Когда князь с княгиней вышли из избы, плотная толпа зевак всколыхнулась; мужчины сняли шапки, некоторые опустились на колени.
Боярин Рамбаудас снял шапку и, повернувшись к князю, воскликнул: «Да здравствует!». Толпа подхватила его клич, и все наперебой закричали:
– Да здравствует наш князь!..
Князь выехал из окружения своих бояр и одарил всех кричащих и ликующих многозначительным взглядом; княгиня швырнула в толпу несколько горстей новых сверкающих монет. Возле крыльца образовалась давка; все бросились на землю, хватали, ловили блестящие медяки, вырывали их друг у друга, толкались, кричали… Дальние, которые забрались было на заборы, на крыши, теперь, увидев, что княгиня бросает деньги, стремглав скатились вниз и принялись проталкиваться ближе к крыльцу. Княгиня подала боярину Греже мешочек с медяками и приказала бросать их в толпу подальше. Но и после этого не обошлось без давки и шума: одних сильно помяли, других свалили на землю, втоптали в грязь чью-то шапку, у кого-то сорвали с головы платок…
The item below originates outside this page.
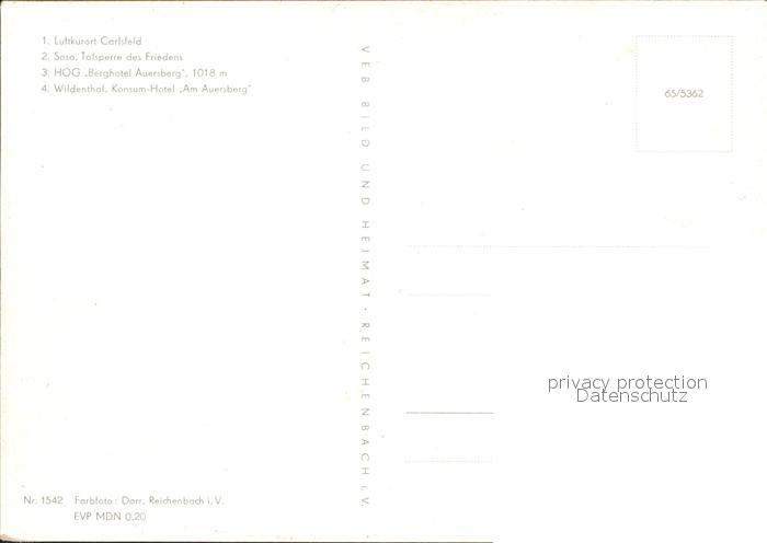 72324540 Carlsfeld Erzgebirge Auersberg Sosatalsperre Berghotel Auersberg Wildenthal postalisch nicht gelaufen Erhaltung siehe scans KatCode: 11110014191120

Вдруг толпа вздрогнула, заволновалась, все повернулись назад и увидели приближающийся отряд всадников.
– Кто там? – спросил князь Витаутас стоявшего рядом островецкого воеводу.
– Это наш боярин Морозов, старик. Он со свитой прибыл выразить тебе свое почтение, – объяснил воевода.
– Морозов! Русский! Знаю, знаю, – обрадовался князь, – я еще от отца слышал, что русские – наши лучшие и самые верные союзники против крестоносцев и меченосцев.
Когда конный отряд приблизился, вперед выехал седой старик. Двое слуг придержали стремена и помогли боярину слезть с коня.
Древний старик, облачившийся в старомодное военное платье, с трудом передвигал ноги. Он не мог удержать голову, которая беспрерывно тряслась, весь дрожал, его длинная седая голова колыхалась, губы тряслись. Слуги вложили в его дрожащие руки поднос с хлебом-солью.
– Будь здоров, наш князь! Бью тебе челом и прошу принять наш хлеб-соль. – И, с этими словами вручив князю поднос, боярин, придерживаемый двумя слугами, поклонился и рукой притронулся к земле.
Князь принял подношение, отведал хлеб-соль и, передав поднос рыцарю Греже, поздоровался с боярином.
– Спасибо! Здравствуй, старина! – И, сделав шаг вперед, похлопал боярина рукой по плечу.
– Я верой и правдой служил отцу твоему, князю Кестутису. Ходил с ним на Балгу, бил ляхов. Два раза был ранен… – И старый воин хотел распахнуть на груди платье и показать свои былые раны.
– Знаю я тебя, старина, знаю. Спасибо. Как живешь? В чем нуждаешься?
– Чего? – пробормотал старик.
– Он глухой и почти не видит, – объяснил князю воевода.
– Сколько же ему лет?
– А кто его знает: может, сто, может, полтораста. Ведь еще совсем недавно он с двумя слугами на медведя ходил.
Князь пошептался с воеводой и крикнул старику в ухо:
– Жалую тебя казной, старина!
– Чего? – снова прошептал боярин.
Все притихли.
– Будь здоров! Живи еще долго, долго! – еще громче крикнул боярину в ухо князь и, прощаясь, похлопал его по плечу.
Похлопала боярина по плечу своей рукой и княгиня.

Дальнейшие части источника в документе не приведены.